A 'CRISPR' Understanding at USU's Science Unwrapped Friday, Feb. 19
A revolutionary tool in gene editing called ‘CRISPR’ is garnering news headlines, but what is it?
CRISPR, pronounced “crisper,” is an acronym for “Clustered Regularly Interspaced Short Palindromic Repeats.”
Huh? What does THAT mean?
Utah State University biochemist Ryan Jackson presents “A ‘CRISPR’ Understanding” Friday, Feb. 19, to explain this amazing technology, how it works and how it’s changing our world at USU’s Science Unwrapped. His online presentation begins at 7 p.m. MST via Zoom.
All ages are welcome to tune in to the webinar on Science Unwrapped’s website. Hosted by USU’s College of Science, the online event also features a live, question-and-answer session following Jackson’s talk, along with links to video learning activities.
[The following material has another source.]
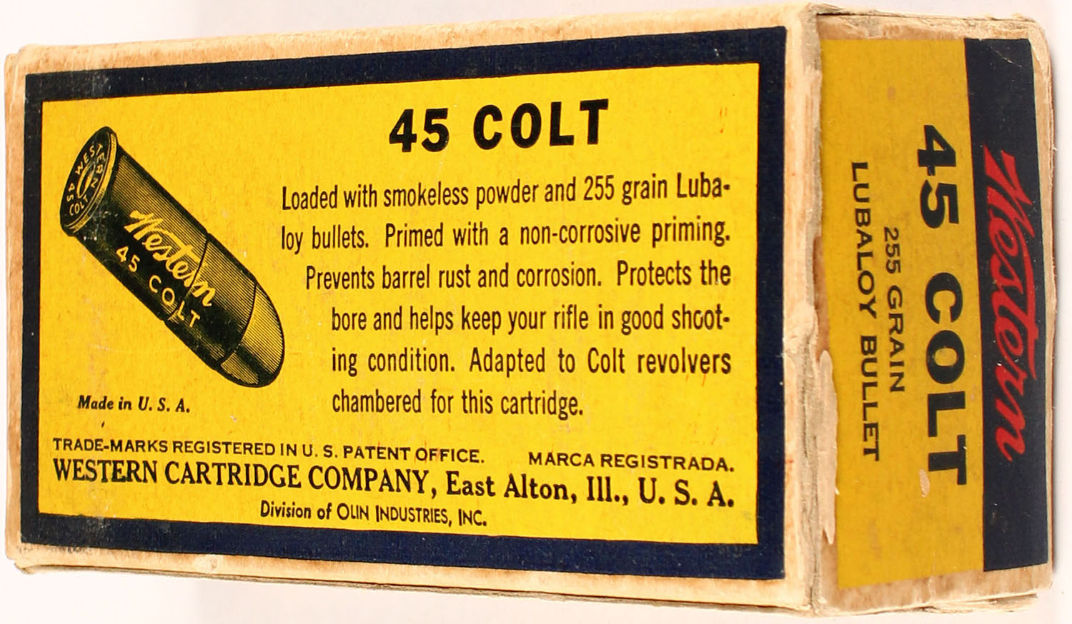 Western, Bullseye, .45 Colt, 255 Gr. LUBALOY Bullet, smokeless, Oilproof, 1pc, Full of modern ammo, buff box with blue/yellow label & black/red print, box has left end flap detached but still present, missing one inside end flap on right side & other inside flap is partially torn, right end flap has inside seam tape repair, pen marks, light rub marks & light edge wear, ammo is excellent. Grade: Very Good + - Value: 20 to 60

“CRISPR is a family of DNA sequences found in the genomes of such organisms as bacteria and archaea,” says Jackson, assistant professor in USU’s Department of Chemistry and Biochemistry. “We think of it as something new, but would it surprise you to learn that CRISPR is naturally all around us and has been for eons?”
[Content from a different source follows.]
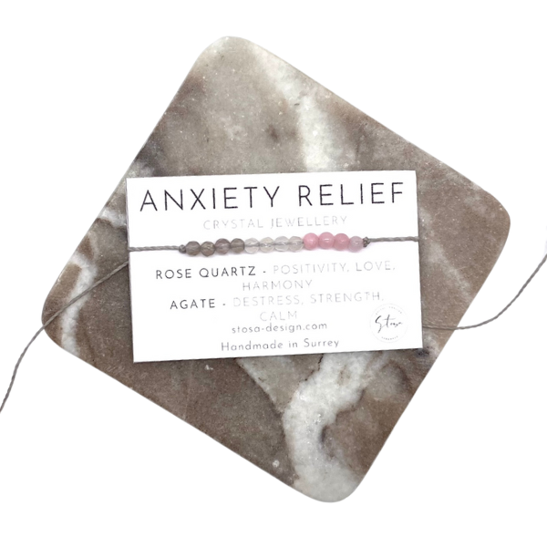 - Anxiety Relief with Rose Quartz (positivity, love, harmony) and Agates (de-stress, strength, calm)
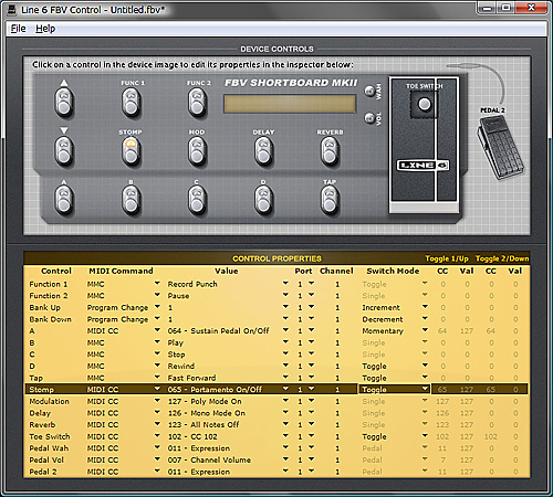 さらに、「FBV Controlソフトウエア」(こちらも無料ダウンロード)を使えばFBVをMIDIコントローラーとして利用できるようになる。「POD Farm」などのソフトウェア・アンプシミュレーターをはじめとしたソフトウェアをコントロールする用途にも転用可能というわけだ。スイッチやペダルにMIDI CCやプログラムチェンジなどを割り当て、ハンズフリーでソフトウェアを操作するのもオツなものだ。

Jackson will guide Science Unwrapped viewers through CRISPR’s discovery, its biology, how the technology is being used in such areas as synthetic biology and disease diagnostics, along with the ethics surrounding its use.
An Aggie alum, Jackson earned a bachelor’s degree in cellular and molecular biology from USU in 2005, and completed a doctoral degree in biochemistry from Utah State in 2012. He was a National Institutes of Health Ruth L. Kirschstein National Search Service Award Postdoctoral Fellow at Montana State University from 2014-2016, and joined Utah State’s faculty in 2016.
Jackson’s presentation is part of Science Unwrapped’s 2020-21 “Brave New World” series, which kicked off in September 2020 and continues through April 2021. On Friday, March 19, USU political science professor Jeannie Johnson, director of USU’s Center for Anticipatory Intelligence, presents “The Dark Side of Dataveillance.” On Friday, April 16, USU physiologist and medical ethicist Andy Anderson, principal lecturer in USU’s Department of Biology, presents, “A Time to Die.”